# kolbalt 7 1/4 miter saw. pos? or



## catfish/carpent (Nov 26, 2011)

thinking about getting this saw tonight or tomorrow, do any of you own it and or like it?


----------



## mikeswoods (Oct 11, 2008)

I own one---My assistant bought one as his van is small and he needs smaller versions of the 'big boys'---

It was one handy little saw--so I bought one,too.

It saves me from having to haul around a big saw for small work---I think that it is a tool that has already paid for itself----adding a board with an out feed and longer fence is in order---but all in all---buy it---you'll like it.


----------



## WilsonRMDL (Sep 4, 2007)

Thinking about picking one up as well for cutting splashes and wall cleats. Would def be easier to hall around than my 10" slider for small cuts


----------



## TBFGhost (Oct 9, 2008)

I am getting one. I used the Craftsman last year...same saw. It works well for small projects. Its no Hitachi or Makita, so don't expect it to be.


----------



## catfish/carpent (Nov 26, 2011)

i don't expect it to be, but for a 109 bucks if it does one job , it will have paid for itself, i like the idea of it being 23lbs and using 7-1/4 blades i have , the hitatchi 10inch is about the same price, slightly heavier at 26lbs, but i don't need a 10 inch, have 2 12's already for everything else


----------



## dkillianjr (Aug 28, 2006)

Is it a slider? I looked on lowes site and all I found was the slider. 


Dave


----------



## WilsonRMDL (Sep 4, 2007)

It is a slider, I would almost like a 7 1/4 non slider . If I need a slider ill use my 10"


----------



## dkillianjr (Aug 28, 2006)

WilsonRMDL said:


> It is a slider, I would almost like a 7 1/4 non slider . If I need a slider ill use my 10"

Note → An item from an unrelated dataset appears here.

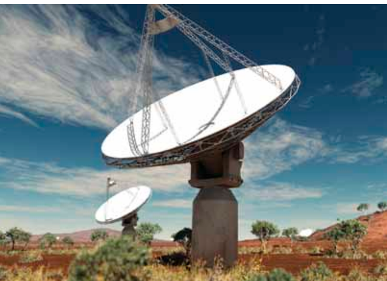
Artist’s impression of the Australian Square Kilometre Array Pathfinder (ASKAP) telescope, a new telescope being built by CSIRO in Western Australia. Credit: Swinburne Astronomy Productions. Design data provided by CSIRO.

Because they are so sensitive to radio emissions, radio telescopes are highly susceptible to interference from modern-day radio-communication services and emissions from other electrical equipment. To minimise such interference radio astronomy antennas are usually placed in remote locations where there is a low population density.

Thats what I was thinking. I know craftsman makes a non slider. I'd love to see a decent brand 7 1/4" non slider. It would be great if you were just cutting casing or shoe.


Dave


----------



## griz (Nov 26, 2009)

There is this little guy...about $80 at the box stores...

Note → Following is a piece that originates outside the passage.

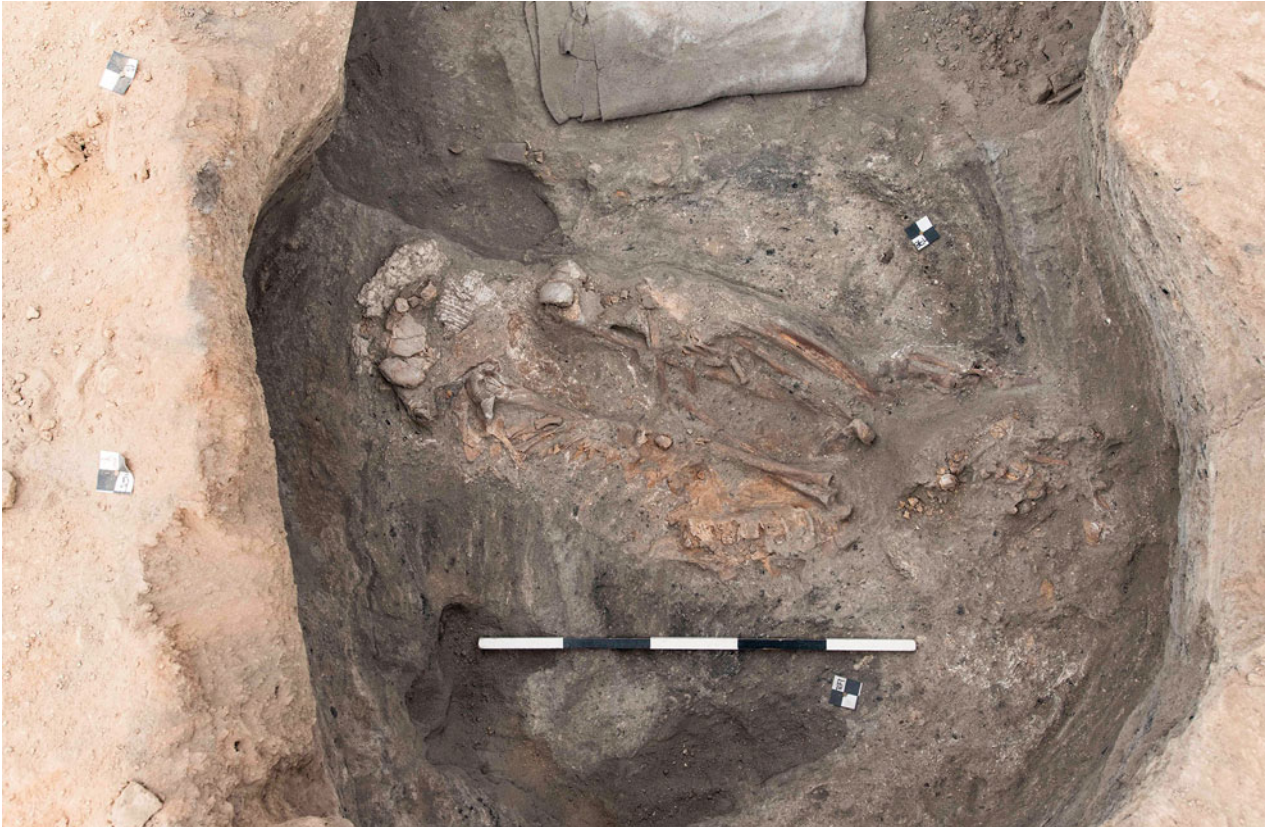
Figure S30.18. North-facing view of skeleton (32330) within burial F.8708. Notice phytolith remnants by head.

Craftsman has a similar one for about $60 at the Sears Outlet store...


----------



## dkillianjr (Aug 28, 2006)

I have been eyein those two up. I would probly go with the craftsman, just to avoid the ryobi name:laughing: 

The only thing that stops me from picking one up is no handle on the front to change the angle. You have to push the saw down a little and swivel is left to right. So fine adjustments are out the window.


Dave


----------



## Dirtywhiteboy (Oct 15, 2010)

I like it.
Fer sher to get your money out of it:thumbsup:


----------



## Munanbak (Jan 19, 2011)

It's a fine line buying a cheap light tool. I went with the makita ls1040 for a small nonslider. It's tougher feeling than the other cheap saws, and a bonus, you get two quality makita blades in the box. I use it for small trim, and I throw a metal blade on if I have a few metal cuts to make. Great saw for size/money.


----------



## TBFGhost (Oct 9, 2008)

...I am hoping my girl got me one for X-Mas....gonna find out in the AM!


----------



## catfish/carpent (Nov 26, 2011)

why do you guys prefer a non slider? on such a small saw, just out of curiousity


----------



## Dirtywhiteboy (Oct 15, 2010)

catfish/carpent said:


> why do you guys prefer a non slider? on such a small saw, just out of curiousity


Good question:blink: I would not consider a nonslider on that size saw. The slider can go through a 2X on a 45º maybe a 2x6" or 8". I like having more than one miter saw on my stand!


----------



## Munanbak (Jan 19, 2011)

catfish/carpent said:


> why do you guys prefer a non slider? on such a small saw, just out of curiousity


Less maintenance, no worry of metal/wood shavings in slider bushings, and tougher, less moving parts.


----------



## Jdub2083 (Dec 18, 2011)

I've been thinking about picking this up for small stuff. For $100 seems like it could come in pretty handy.


----------



## hinejs (Sep 12, 2008)

I own one. I beat that thing up several times a week. Its a great tool, however, the laser line failed quite some time ago.


----------



## Jdub2083 (Dec 18, 2011)

hinejs said:


> I own one. I beat that thing up several times a week. Its a great tool, however, the laser line failed quite some time ago.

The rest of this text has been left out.